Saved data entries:
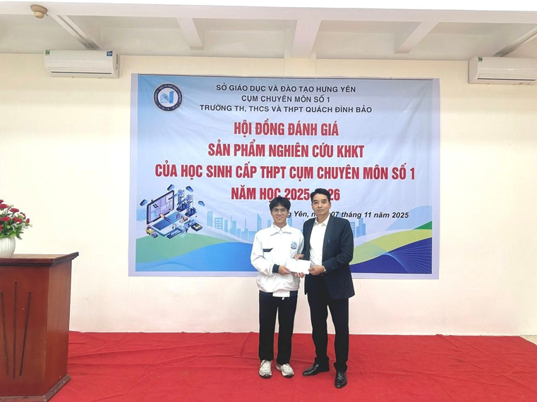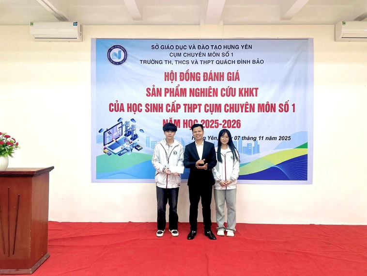 Cụm chuyên môn số 1 thuộc Sở GD&ĐT Hưng Yên ban hành Kế hoạch số 02/KH-CM1 ngày 28/10/2025 về việc tổ chức Hội đồng đánh giá sản phẩm nghiên cứu KHKT của học sinh cấp THPT. Năm học này, Trường TH, THCS & THPT Quách Đình Bảo vinh dự được chọn làm đơn vị tổ chức Hội đồng đánh giá sản phẩm nghiên cứu KHKT của học sinh cấp THPT Cụm chuyên môn số 1.
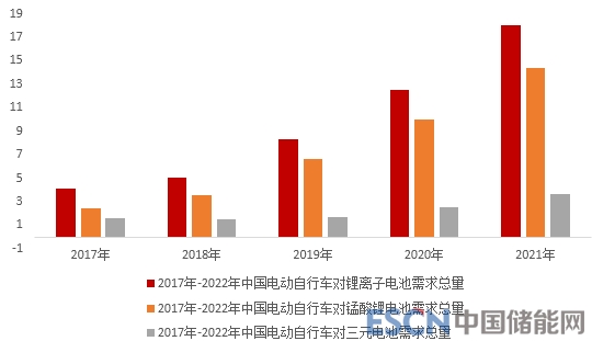 據(jù)SMM調(diào)研分析,2017年,中國電動自行車對鋰離子電池的需求總量為4GWh,其中,對三元電池與錳酸鋰電池的需求占比分別為40%、60%。SMM預計,由于目前電動自行車市場保有量巨大,在新國標正式實施后,電動自行車對鋰離子電池的需求會逐年增長,預計在2021年達到20GWh。同時,錳酸鋰電池在電動自行車中的應用比例會逐年增加,到2021年,錳酸鋰電池的應用比例達到80%。
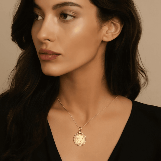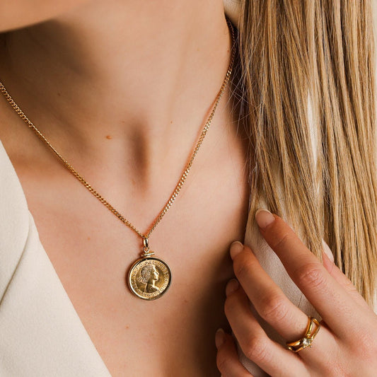 Meia Libra Rainha Isabel II (2000) em Ouro 22kl com Aro Meia Lua em Ouro 19kl
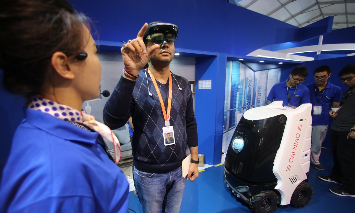 A visitor interacts with a robot arm at the first experience area featuring a 5G wireless network in Hangzhou, East China's Zhejiang Province on May 17, 2019. Photo: cnsphoto
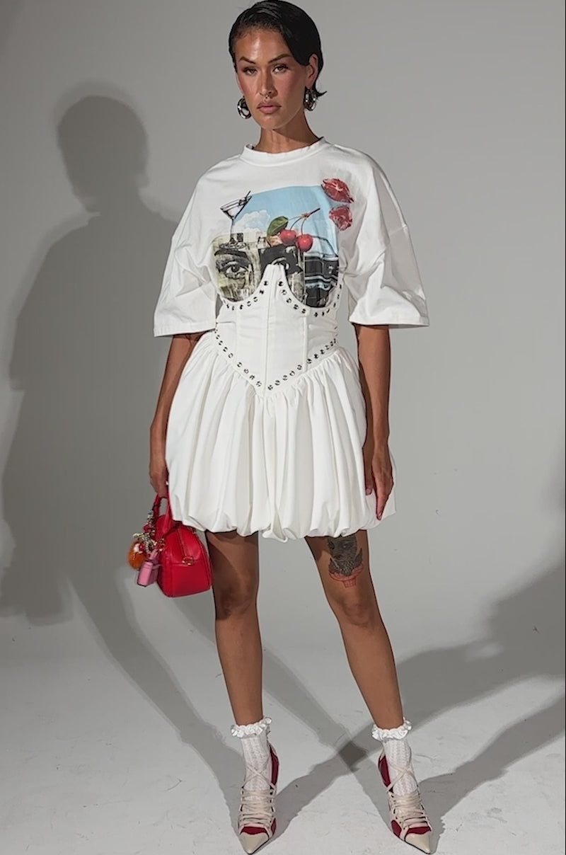 CTRL+ ALT + SLAY. The AKIRA Label Cool Girl Loading Mini Dress features an oversized graphic tee fused with a structured corset-style bodice with inner boning and lined with silver grommet detailing that cinches the waist and flares into a voluminous, flouncy bubble hem skirt. The tee boasts a classic ribbed knit crew neckline, short sleeves, and showcases a bold collage print of surreal eyes, cherries, lipstick marks, and vintage elements. Complete with a metallic back zipper closure, and a mini-length silhouette.
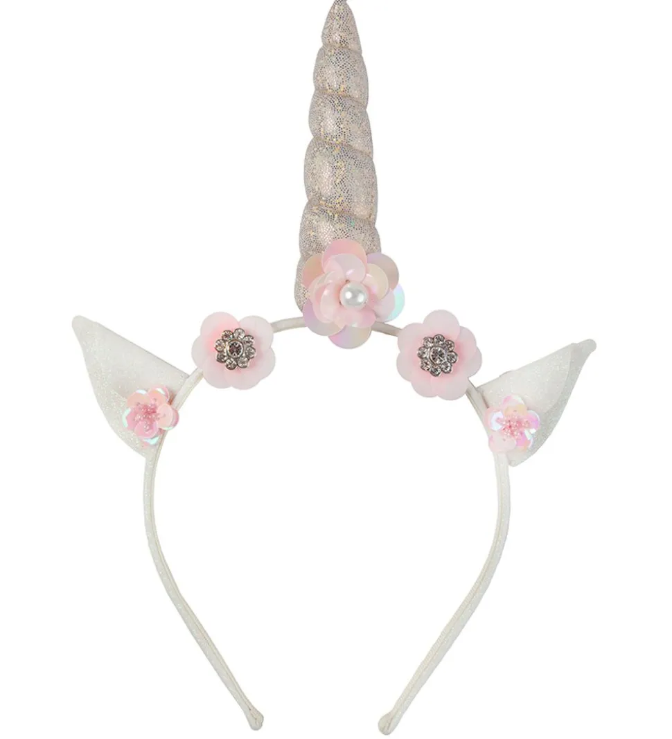 Sød Great Pretenders hårbøjle med fine ører med glimmer og horn. Der er også smukke blomster i rosa nuancer med flotte sten og perler.

# Task item
Although the records contain pictures, the copy should consist of their text alone, reproduced exactly.

# Response to this exercise
 Cụm chuyên môn số 1 thuộc Sở GD&ĐT Hưng Yên ban hành Kế hoạch số 02/KH-CM1 ngày 28/10/2025 về việc tổ chức Hội đồng đánh giá sản phẩm nghiên cứu KHKT của học sinh cấp THPT. Năm học này, Trường TH, THCS & THPT Quách Đình Bảo vinh dự được chọn làm đơn vị tổ chức Hội đồng đánh giá sản phẩm nghiên cứu KHKT của học sinh cấp THPT Cụm chuyên môn số 1.
 據(jù)SMM調(diào)研分析,2017年,中國電動自行車對鋰離子電池的需求總量為4GWh,其中,對三元電池與錳酸鋰電池的需求占比分別為40%、60%。SMM預計,由于目前電動自行車市場保有量巨大,在新國標正式實施后,電動自行車對鋰離子電池的需求會逐年增長,預計在2021年達到20GWh。同時,錳酸鋰電池在電動自行車中的應用比例會逐年增加,到2021年,錳酸鋰電池的應用比例達到80%。
 Meia Libra Rainha Isabel II (2000) em Ouro 22kl com Aro Meia Lua em Ouro 19kl
 A visitor interacts with a robot arm at the first experience area featuring a 5G wireless network in Hangzhou, East China's Zhejiang Province on May 17, 2019. Photo: cnsphoto
 CTRL+ ALT + SLAY. The AKIRA Label Cool Girl Loading Mini Dress features an oversized graphic tee fused with a structured corset-style bodice with inner boning and lined with silver grommet detailing that cinches the waist and flares into a voluminous, flouncy bubble hem skirt. The tee boasts a classic ribbed knit crew neckline, short sleeves, and showcases a bold collage print of surreal eyes, cherries, lipstick marks, and vintage elements. Complete with a metallic back zipper closure, and a mini-length silhouette.
 Sød Great Pretenders hårbøjle med fine ører med glimmer og horn. Der er også smukke blomster i rosa nuancer med flotte sten og perler.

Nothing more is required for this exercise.